[Dataset content Boundary: Start]
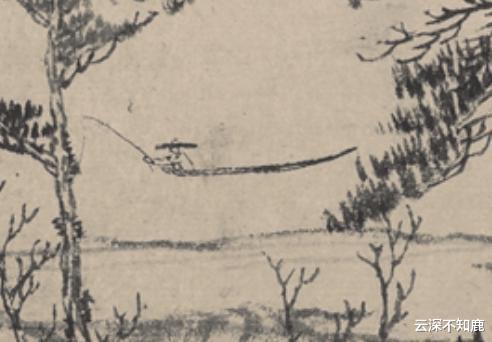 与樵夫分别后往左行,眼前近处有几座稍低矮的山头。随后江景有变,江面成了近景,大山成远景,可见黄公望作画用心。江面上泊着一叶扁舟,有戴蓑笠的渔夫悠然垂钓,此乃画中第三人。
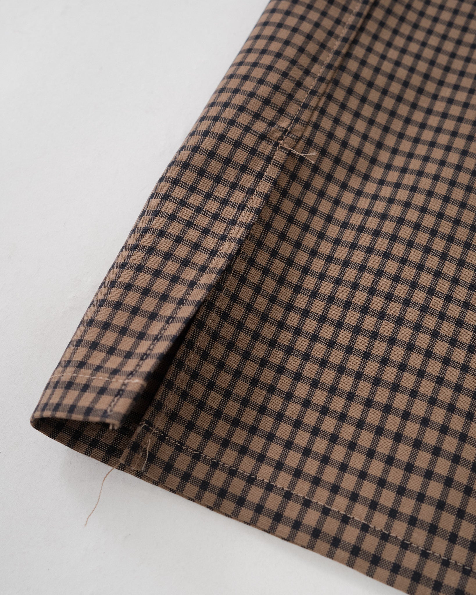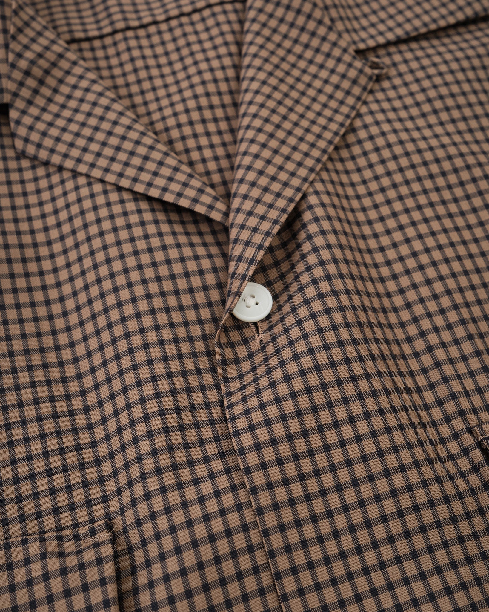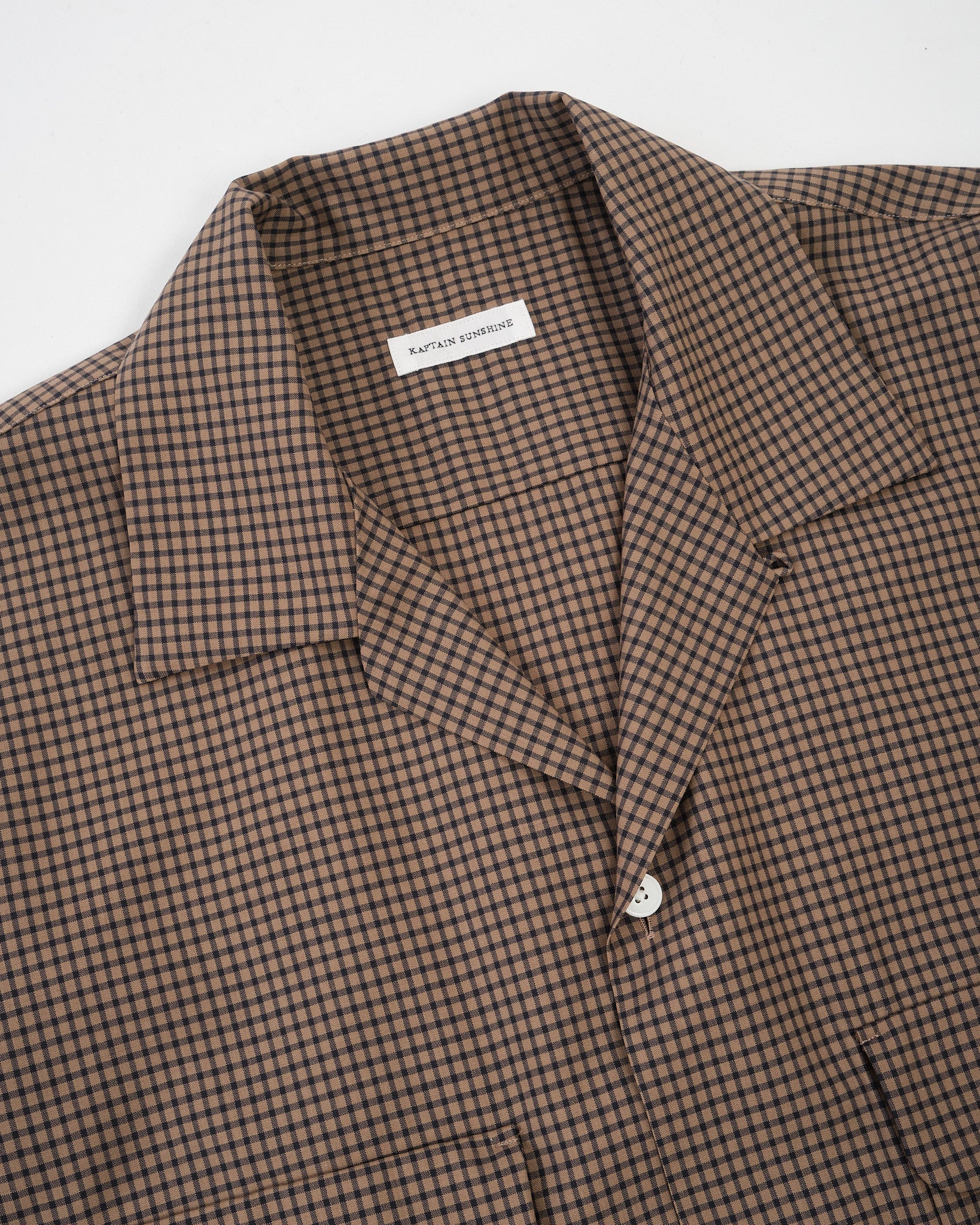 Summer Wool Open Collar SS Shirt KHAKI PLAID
[Dataset content Boundary: End]
[Dataset content Boundary: Start]
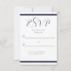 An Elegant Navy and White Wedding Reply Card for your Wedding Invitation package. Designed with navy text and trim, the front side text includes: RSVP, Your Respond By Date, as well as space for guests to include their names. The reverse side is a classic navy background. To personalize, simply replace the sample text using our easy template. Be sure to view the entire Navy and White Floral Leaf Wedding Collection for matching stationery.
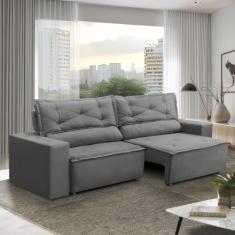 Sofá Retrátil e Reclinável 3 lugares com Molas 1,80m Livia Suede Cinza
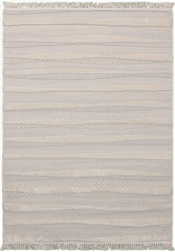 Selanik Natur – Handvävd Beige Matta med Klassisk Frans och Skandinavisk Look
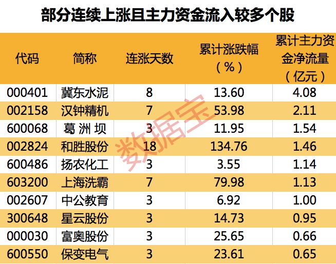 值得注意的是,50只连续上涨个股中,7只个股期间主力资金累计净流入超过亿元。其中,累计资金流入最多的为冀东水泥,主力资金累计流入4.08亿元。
[Dataset content Boundary: End]
[Dataset content Boundary: Start]
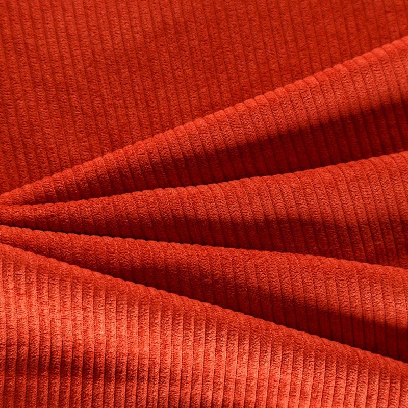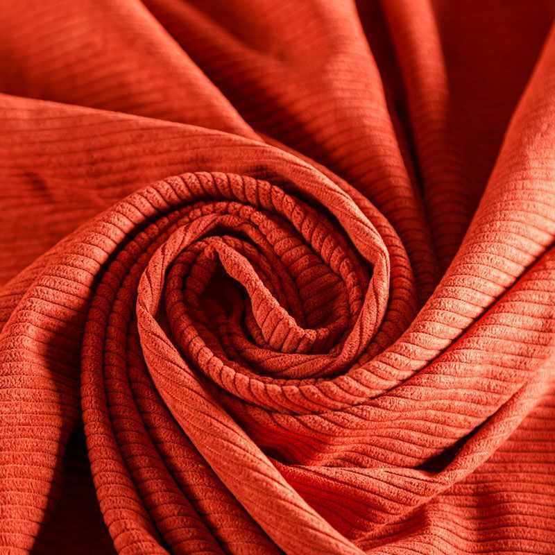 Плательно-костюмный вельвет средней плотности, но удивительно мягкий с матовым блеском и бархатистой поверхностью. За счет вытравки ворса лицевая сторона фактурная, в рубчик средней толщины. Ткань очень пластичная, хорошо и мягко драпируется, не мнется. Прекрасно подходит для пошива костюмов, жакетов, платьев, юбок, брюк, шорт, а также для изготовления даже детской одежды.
[Dataset content Boundary: End]
| What the exercise asks |
Using the records above, return verbatim only the part that opens with the line containing "与樵夫分别后往左行,眼前近处" and closes with the line containing "Summer Wool Open Collar SS Shirt KHAKI PLAID"; pictures stay out.

| Solution to the exercise |
 与樵夫分别后往左行,眼前近处有几座稍低矮的山头。随后江景有变,江面成了近景,大山成远景,可见黄公望作画用心。江面上泊着一叶扁舟,有戴蓑笠的渔夫悠然垂钓,此乃画中第三人。
 Summer Wool Open Collar SS Shirt KHAKI PLAID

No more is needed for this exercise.